= Beginning of Section =
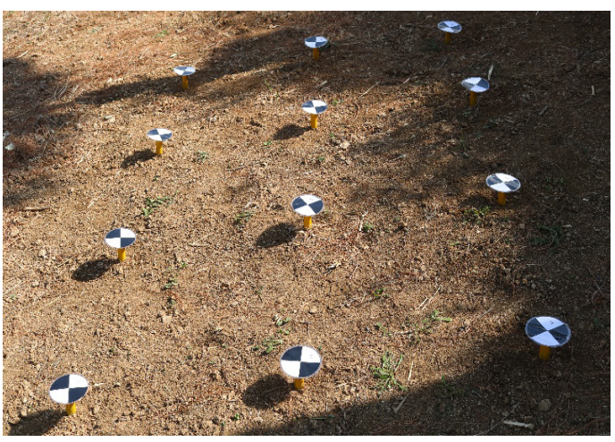
Figure 2: Erosion pipes installation in moderate forested area.

each point. The soil sampler was placed over each point with sharp edge pointed ward. It was driven into the soil with the help of a hammer. The sample tube along with a core of soil was dug out by removing the soil around the sample tube. Cotton cloth was used to cover soil sample and fastened with rubber bands on both sides. Sample tube was enveloped in a polythene bag. The entire fifteen samples (five from each zone) were taken in the same manner and brought to the laboratory.
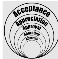
“Passionately Pursuing Me!”
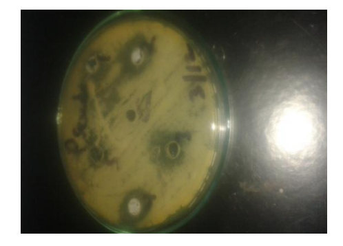
Fig. 2. Bioactivity of extracts for against MRSA (Kirby-Bauer disc sensitivity method)

Key: Amp: Ampicillin, Nyst: Nystatin, MeOH: (Methanol), EtOAc: (Ethylacetate); NI: No inhibition
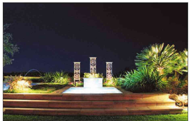
At top, there are five arbors with drip irrigation for the low-water-needs plants. Above, copper panels are a featured design element, cut to match the design of columns near the pool. The one in the center has a faucet that pours water into a square basin, then into a spa, above.
= End of Section =
■ Try it:
With the pictures omitted, the entries are to be transcribed in full, exactly as they appear.

■ Response below:
Figure 2: Erosion pipes installation in moderate forested area.

each point. The soil sampler was placed over each point with sharp edge pointed ward. It was driven into the soil with the help of a hammer. The sample tube along with a core of soil was dug out by removing the soil around the sample tube. Cotton cloth was used to cover soil sample and fastened with rubber bands on both sides. Sample tube was enveloped in a polythene bag. The entire fifteen samples (five from each zone) were taken in the same manner and brought to the laboratory.
“Passionately Pursuing Me!”
Fig. 2. Bioactivity of extracts for against MRSA (Kirby-Bauer disc sensitivity method)

Key: Amp: Ampicillin, Nyst: Nystatin, MeOH: (Methanol), EtOAc: (Ethylacetate); NI: No inhibition
At top, there are five arbors with drip irrigation for the low-water-needs plants. Above, copper panels are a featured design element, cut to match the design of columns near the pool. The one in the center has a faucet that pours water into a square basin, then into a spa, above.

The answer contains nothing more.